L'erba in questione è l'Agrostis stolonifera, utilizzata nei campi da golf, ed era stata modificata per resistere ad un famoso erbicida della Monsanto, il Roundup. Il Dipartimento federale per l'Agricoltura degli USA non l'aveva ancora approvata, perchè gli studi di impatto ambientale non sono ancora completi. Lo studio che documenta la sua fuga sarà pubblicato a ottobre su Molecular Ecology.

Intorno ai campi sperimentali c'era una cintura di sicurezza, ma il polline transgenico l'ha superata. Sono già state trovate 9 piantine con il gene che conferisce la resistenza all'erbicida dove non avrebbero dovuto essercene. Secondo il portavoce della Scott, durante la mietitura c'è stata una tempesta di vento che ha disperso qualche seme. Comunque sia andata, ora, a soli due anni dall'esperimento, è a rischio di inquinamento genetico il Crooked River National Grassland (un parco naturale in cui l'elemento dominante è la prateria).

Il problema è aggravato dal fatto che esistono una dozzina di specie abbastanza vicine all'Agrostis stolonifera con le quali è possibile l'impollinazione incrociata, cosa che, almeno per riso (di cui parlavamo ieri a proposito del blocco alle importazioni), soia e cotone è più difficile.

I produttori di semenza per prati dell'Oregon sono preoccupati, perchè se il gene modificato arrivasse nei loro campi, a loro diventerebbe legalmente impossibile esportare in Paesi che non ammettono semi gm. In Oregon si produce il 70% delle semenze da prato statunitensi, per un giro d'affari di 370 milioni di dollari all'anno.

A giocare con i geni dell'Agrostis sono state la Monsanto (che produce il diserbante a cui l'erba resiste) e la Scotts (articoli da giardinaggio). Lo due società minimizzano il problema, dicendo che le erbacce geneticamente modificate (perchè i geni dell'Agrostis brevettata si sono già incrociati con quelli di specie selvatiche) sono comunque ancora sensibili ad altri diserbanti.

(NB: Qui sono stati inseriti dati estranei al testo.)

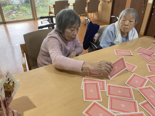 室内では春の飾り付けの準備や、トランプで神経衰弱などして過ごされています(⌒∇⌒)

I clienti Monsanto possono stare tranquilli, troveranno sempre un prodotto chimico che ammazzi gli ospiti indesiderati del loro spazio "verde". Anche coloro che abitano vicino ad un green gestito dalla Scotts possono stare tranquilli: i giardinieri Scott tagliano l'erba prima che riesca a produrre le spighe. Io, tanto tranquilla non mi sento...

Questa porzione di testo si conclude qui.